# Ariens Hydro Pro 28



## [email protected] (Dec 7, 2014)

Hi everybody, i'm looking to buy a snow blower Ariens Hydro Pro 28.

Do you have one and do you like it? Is it a good choice?

Thanks for your answer!

JF


----------



## pfn (Dec 24, 2010)

I don't have the Hydro but I do have a tracked Pro. Don't get tracks.


----------



## 04X485 (Jan 7, 2015)

Hi JF,

I just bought a Pro Hydro 36 so this is my feedback from my first few uses of the machine. 

I would caution you on the hydro. I thought it was a nice feature to have since I wouldn't have to change gears to increase/decrease speed. What I found is I had to change my habits. 

In the past with the non hydro I would blow snow at the end of the drive way for example and then physically pull the blower back without using the reverse gear. With the hydro the hydro is locked in place you are not manually pushing forward or backward. This means a lot more lever time on the dash. 

There is an override lever on the bottom of the snow blower to disengage the hydro however it's not practical unless you have the machine shut off and are simply moving it from one location in the garage to another. I have even found in this instance it's more simple to start the unit and let the hydro do all the work. 

I would have the dealer install the baffle kit right away before delivery. If you do your research on this board you will find the left side of the blower throws snow back out onto the clean area you just cleared. The baffle is suppose to minimize this from happening. Mine just arrived Friday and I haven't installed it yet. 

The headlights on the units are terrible. They don't light up a lot and from my conversation with Ariens they are not meant to light up so you can snow blow. It's simply a safety feature so you don't get hit. There are many topics here about installing LED lights instead. If I turn on my outdoor lights it's less of a hassle but I really expected more from the headlight. The lights on my tractor light up the entire area when I am pushing snow with the blade. Perhaps Ariens should take some direction from John Deere in this area. 

The blower chute while they state will rotate 200 degrees is basically 90 degrees to the right or left. This may or may not cause problems for you. My old unit was 230 degrees and I could throw the snow more back over my shoulder. Only having 200 degrees has me doing extra clean up work at the end. 
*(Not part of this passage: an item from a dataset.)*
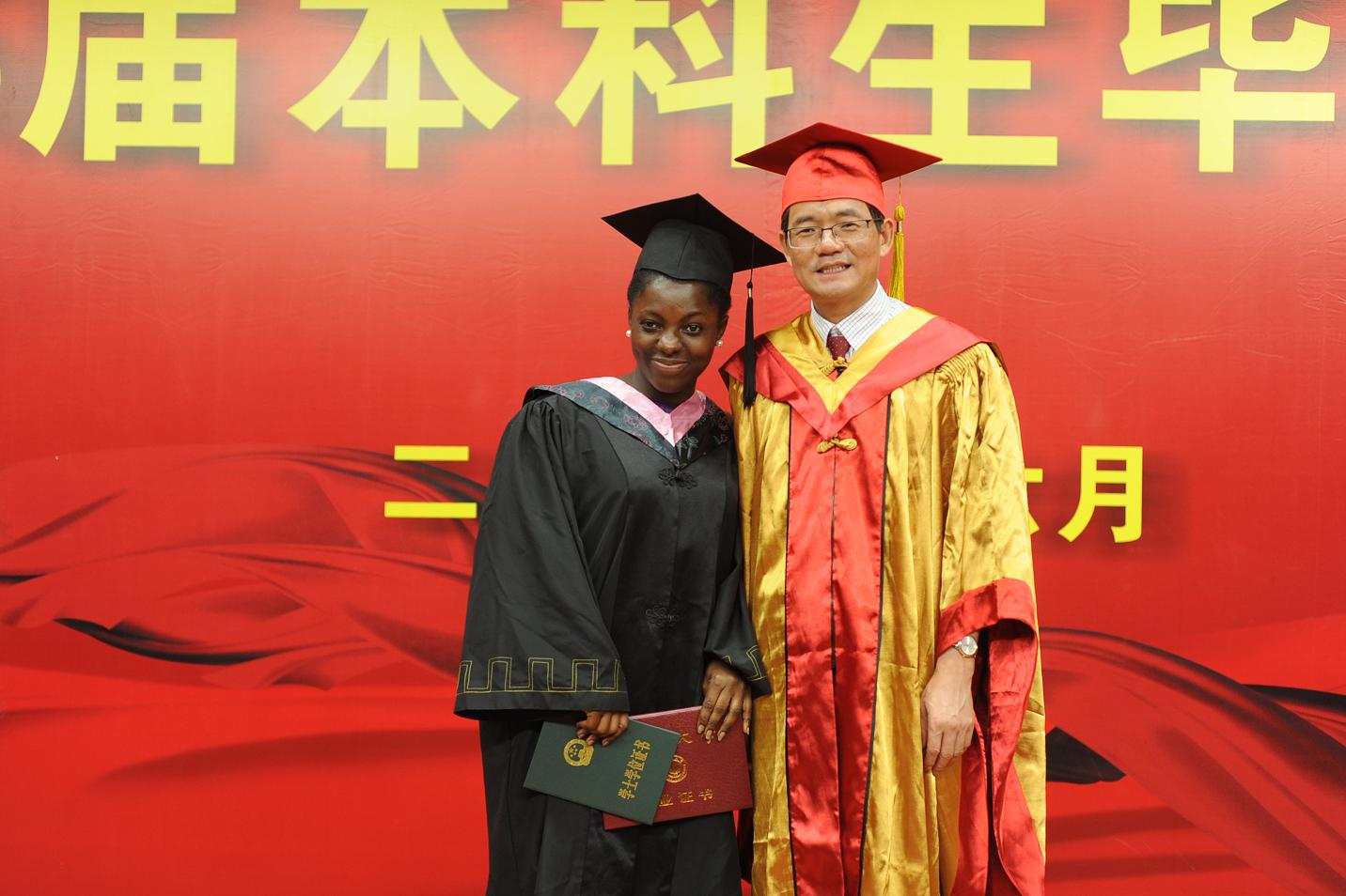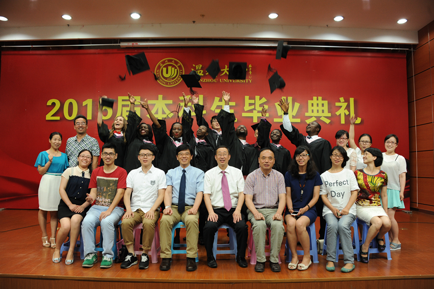 2015届留学生毕业典礼在岩松堂雁山厅隆重举行。校长蔡袁强教授为留学生毕业生颁发毕业证书和学士学位证书,典礼由国际合作学院副院长陈军主持。
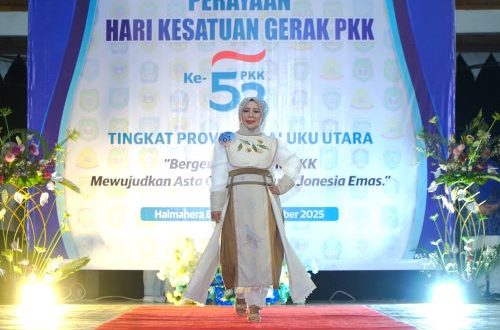 Katalisinfo.com, Tidore — Sumiyati Ahmad Laiman, Ketua I Tim Penggerak PKK Kota Tidore Kepulauan, tampil anggun mengenakan Wastra Khas Tidore Tenun Puta Dino Khayangan pada fashion show Hari Kesatuan Gerak (HKG) PKK ke-53 Tahun 2025 di Lapangan Sasadu Lamo, Jailolo, Senin (13/10/2025).

Those are the cons that I would list. My blower was around $3500 and I expected more from it so my inital impression is disappointing. 

Now for the pros

It throws snow pretty far. I have no complaints there. I have a tractor with a blade on the front of it. I wanted to see how well the unit would handle the big pile of snow I had pushed to the end of the driveway. The blower had no problems and I was taking full width of 36" at once. Granted I was going slow so that the unit had time to take in and throw out the snow but my old unit would have struggled. 

It starts easy. Even though I have the 120v electric starter on mine I pull start it all the time. It has always started on the first pull. 

The thing appears to be built like a tank. Very heavy duty construction.

The oil drain comes right out of a pipe at the back of the unit. Oil changes are very easy. 

I have only used mine on 3 snow falls so far and all 3 have been a dry snow. The most being 4". I'm interested to see how it does on a wet heavy snow.


----------



## [email protected] (Dec 7, 2014)

Thank you for your answer 04X485! Tonight i'm taking possession on a new Arien Hydro Pro 28! I hope making a good choice. Will see with the time.


----------



## cparise (Jan 10, 2014)

i bought the hydro pro 28 last year and used it about 5 times it is a beast moves anything yes but mine has been in for repair already luckily under warranty i uncovered it in October to get it ready for winter and there was hydro fluid all over the floor. they replaced 3 seals i hope this doesn't become a high maintenance machine, i really like it. good luck!


----------



## Kiss4aFrog (Nov 3, 2013)

Welcome to the forum 

If this is the one you bought a week and a half ago it seems an odd time to be asking if it's a good choice.

You say you're taking possession of it tonight but in your first post you have pictures of "your beast" 

Post #38 http://www.snowblowerforum.com/foru...-you-own-ariens-snow-blower-4.html#post399753


----------



## [email protected] (Dec 7, 2014)

Kiss4aFrog said:


> Welcome to the forum
> 
> If this is the one you bought a week and a half ago it seems an odd time to be asking if it's a good choice.
> 
> ...


It is not the same machine! I have an Ariens Professional 28 and tonight a bought an Ariens Hydro Pro 28! 

I just try it and I love it a lots! Hydro is super! No need to stop to change speed. Seem to be as fast as my Professional 28 and maybe faster when you go back.

I have to put my front weight, the ARMORskids and make some adjustment. I'm waiting the Baffle Kit and it gone be my new Beast!!!

Later I will post some pictures of it!


----------